** Opening Input data block **
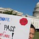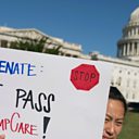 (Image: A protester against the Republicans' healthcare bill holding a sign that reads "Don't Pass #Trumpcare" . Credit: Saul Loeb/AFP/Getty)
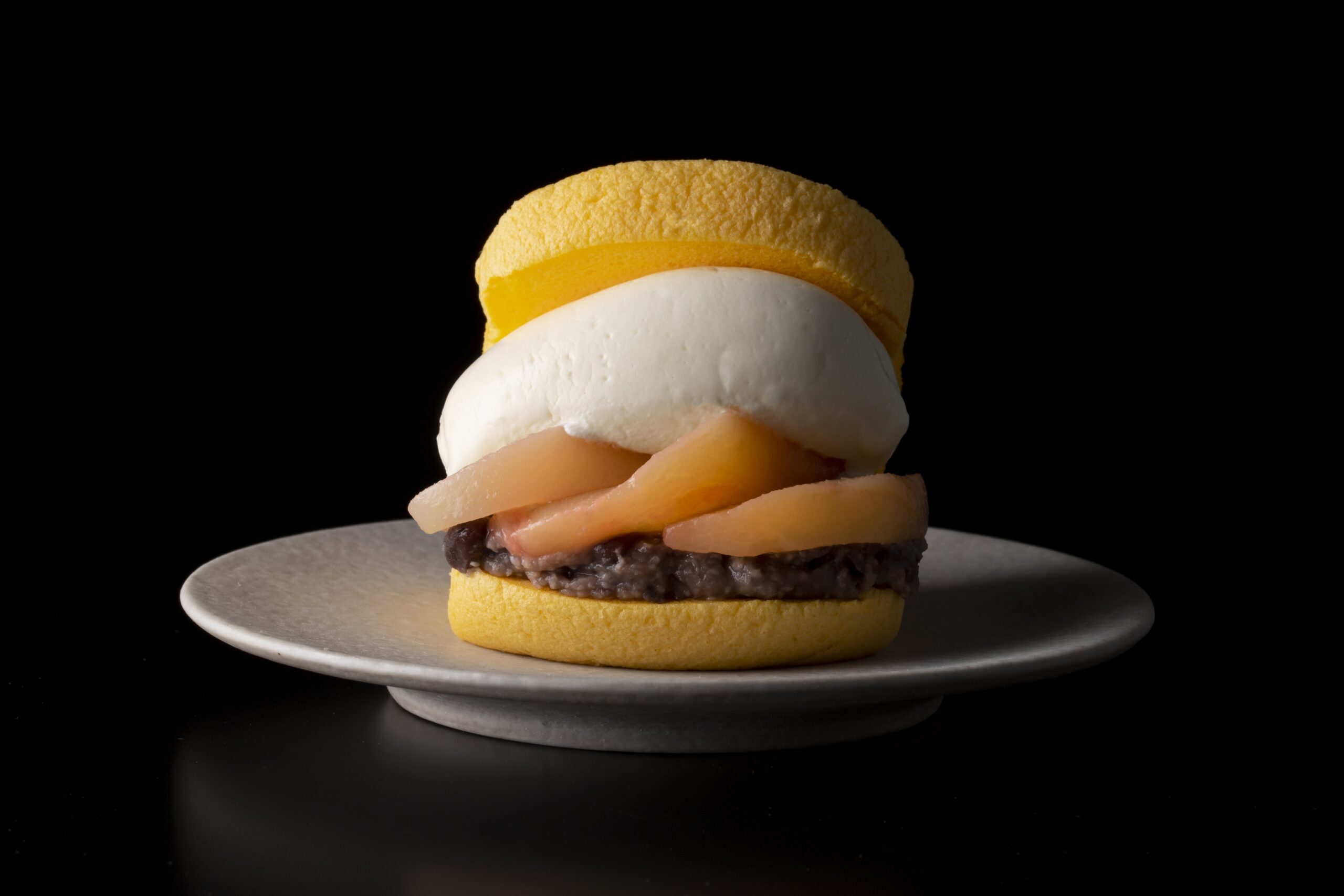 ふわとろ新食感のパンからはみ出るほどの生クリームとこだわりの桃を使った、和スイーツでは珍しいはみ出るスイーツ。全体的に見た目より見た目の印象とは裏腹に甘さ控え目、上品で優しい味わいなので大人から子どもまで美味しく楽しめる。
** Closing Input data block **
** Opening Input data block **
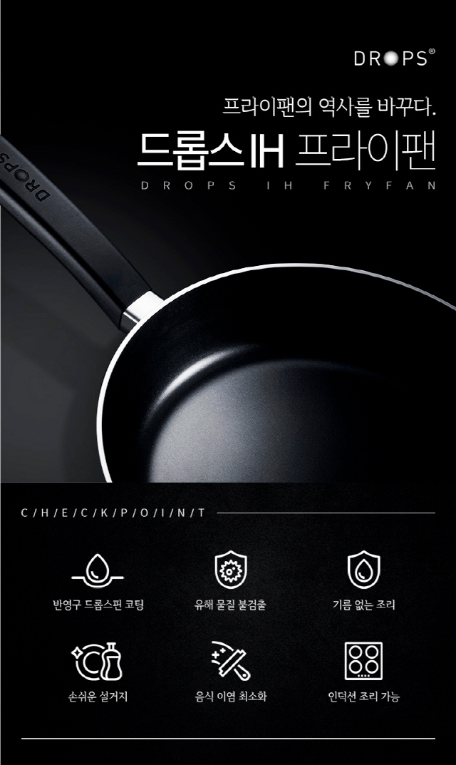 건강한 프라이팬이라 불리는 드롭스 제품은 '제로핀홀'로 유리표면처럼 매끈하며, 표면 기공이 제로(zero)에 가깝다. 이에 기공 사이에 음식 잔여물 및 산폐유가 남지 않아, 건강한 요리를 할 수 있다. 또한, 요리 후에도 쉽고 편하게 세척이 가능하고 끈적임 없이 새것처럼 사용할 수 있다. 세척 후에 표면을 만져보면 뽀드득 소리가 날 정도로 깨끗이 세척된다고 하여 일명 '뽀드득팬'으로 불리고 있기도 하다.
** Closing Input data block **
In the entries above, every line from the line with "(Image: A protester" to the line with "ふわとろ新食感のパンからはみ" is to be printed exactly, with both ends included and pictures excluded.

 (Image: A protester against the Republicans' healthcare bill holding a sign that reads "Don't Pass #Trumpcare" . Credit: Saul Loeb/AFP/Getty)
 ふわとろ新食感のパンからはみ出るほどの生クリームとこだわりの桃を使った、和スイーツでは珍しいはみ出るスイーツ。全体的に見た目より見た目の印象とは裏腹に甘さ控え目、上品で優しい味わいなので大人から子どもまで美味しく楽しめる。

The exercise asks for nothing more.